We implemented the three methods: areal weighting, residential proportion, and parcel-and-census-based interpolation, and applied them to estimate population and subpopulations in San Francisco. Count variables, such as total population and black/African American population, can be estimated directly by each method. Quotient variables which are the ratio of two counts, e.g., the proportion of black/African population or the proportion of people in poverty, can also be estimated by dividing the estimated counts. Other non-count variables such as median household income cannot be estimated yet using any areal interpolation methods as far as we know. For illustration purpose, results on population and black/African American are reported in Figure 3 in the form of population density and proportion of black/African American population. Population count is the standard variable in areal interpolation. Black/African American is a subpopulation variable whose data in 2010 is available at intermediate zone level (i.e., census block). As explained previously, when data at intermediate zone level exists, there is the option of using it (Equation (4)) or not (Equation (3)). We examined both options to assess the utility of block-level decennial census data. Table 2 summarizes the accuracy of each method on each variable.
The results in Table 2 suggest that the estimation errors are positively skewed in all three methods. Overall, our method of using parcel and census data excels in all variables especially population count. The RMSE of our method is 50% less than those of the other two methods, the median absolute error is 16 in contrast to 273 in residential proportion and 302 in areal weighting, and the standard error percent is about 4% compared to 10–11% in the others. For the black/African American count, which is much more spatially clustered (Moran’s I = 0.29), our method also performs better than the other two, with a smaller RMSE and a median absolute error of nearly 0. In particular, the median percent absolute error is less than 1% compared to 12–13% in the other two methods. Between the options of using block-level 2010 decennial census data or not, using decennial census data (Equation (4)) results in slightly smaller RMSE and standard error percent, and a much smaller median percent absolute error. This suggests that, if block-level decennial census data are available, they should be used as ancillary information as in Equation (4).
In estimating quotients such as the proportion of blacks/African Americans, our method remains more accurate. The RMSEs and standard error percent of all three methods are similar, but the median percent absolute error of our method is much smaller. Despite this, the standard error percent is 31% though the median percent absolute error is 0.4%. That quotient variables are estimated less accurately is not surprising. The proportion of blacks/African Americans is obtained by dividing the estimated black/African American population count by the estimated total population count. If the two counts are estimated with similar accuracy, errors may cancel out each other during normalization, making the quotient estimated with a similar accuracy. As shown in Table 2, however, population count is estimated much more accurately than the black/African American count. The standard error percent is about 5% for the population count when parcel and decennial census data are used, but 27–31% for black/African American count. Normalization cannot cancel out the errors but results in even poorer accuracy.

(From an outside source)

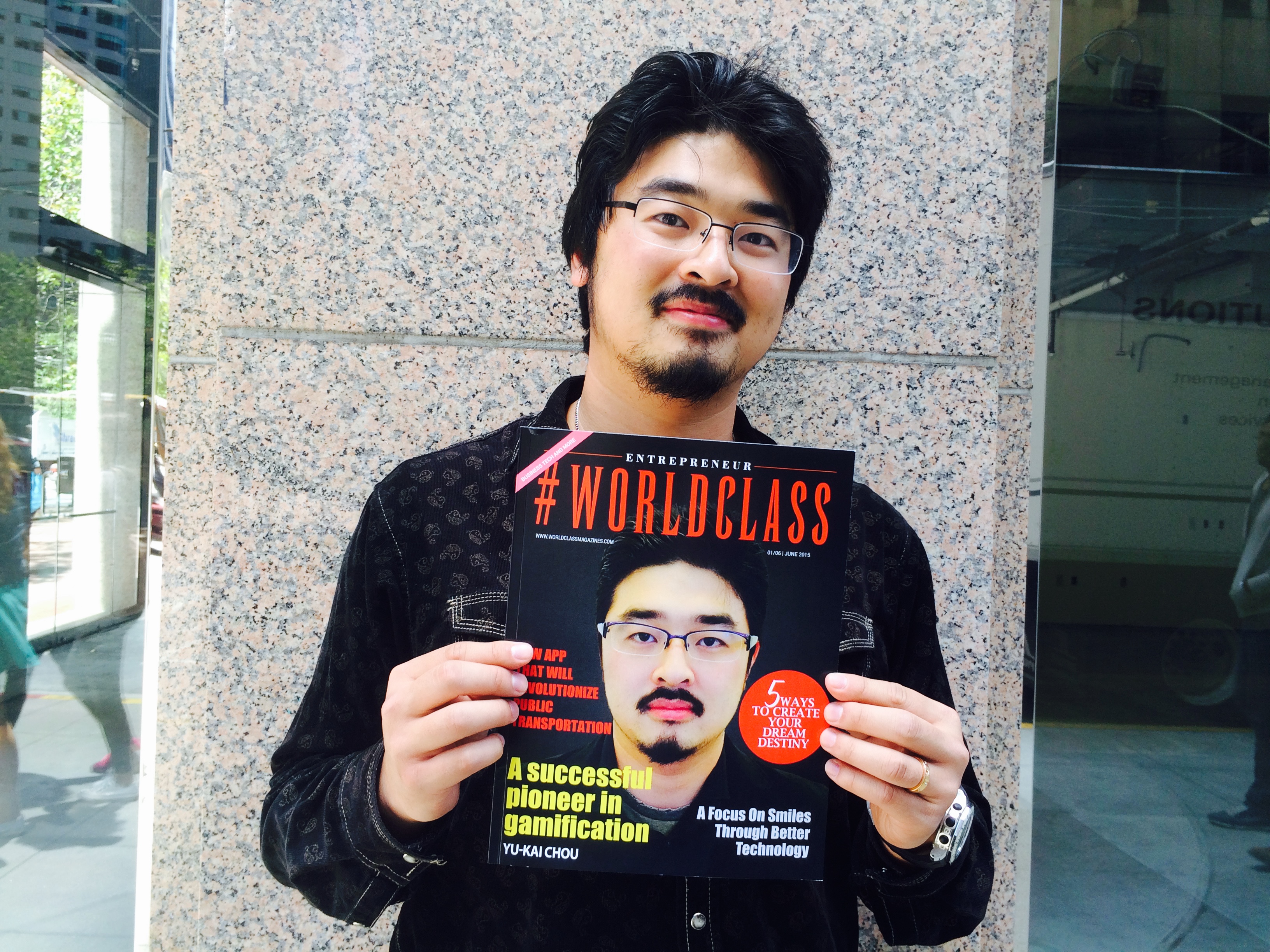 This was a photo I took when I saw myself on the front cover of Worldclass Magazine. It's not a very prestigious magazine per se, but it was the first time I was on the front cover of any magazine. Needlesstosay, I was really exciting and happy, so I took a picture to commorate it. It happens that I was on the side Market Street, and I asked a bystander to take the picture for me.
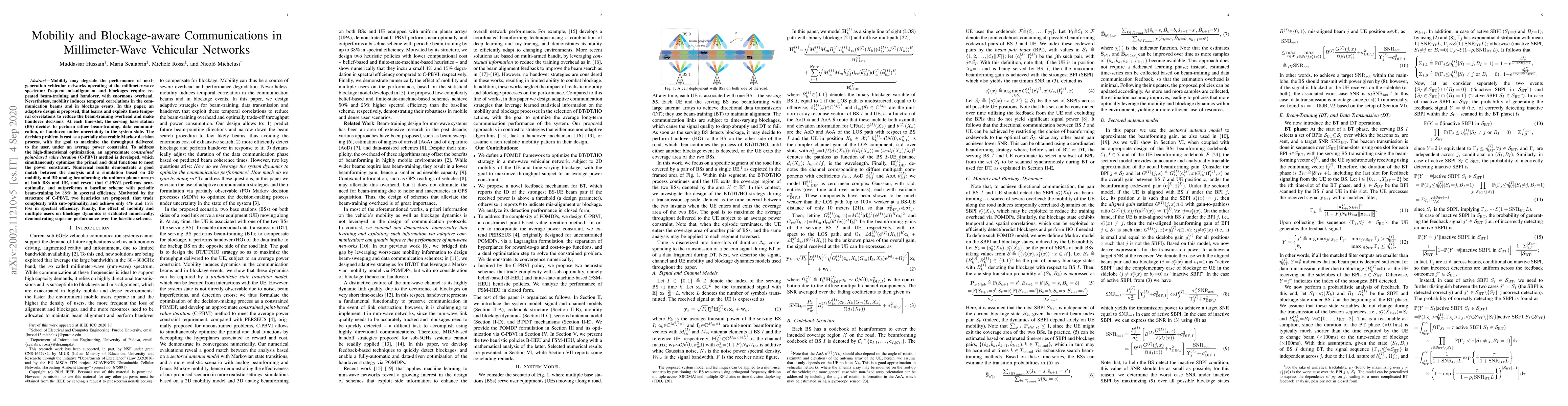 This paper proposes an adaptive design for beam training, data transmission, and handover in millimeter-wave vehicular networks to exploit temporal correlations and reduce overhead. An approximate constrained point-based value iteration method is developed to optimize throughput under power constraints, outperforming a baseline scheme by 38% in spectral efficiency.

Summarizing the results, we have several observations. First, while we have hypothesized that residential proportion is more accurate than areal weighting, the improvement gained by using residential land use information is rather minor. This is probably because San Francisco is so highly developed, nearly all of it has been developed with some residential uses except the east side which is characterized by commercial, and industrial land use therefore accounts for only a smaller portion of the city’s total population. Overall, while residential proportion is an improvement over areal weighting, it is not much more effective in densely populated urban cores.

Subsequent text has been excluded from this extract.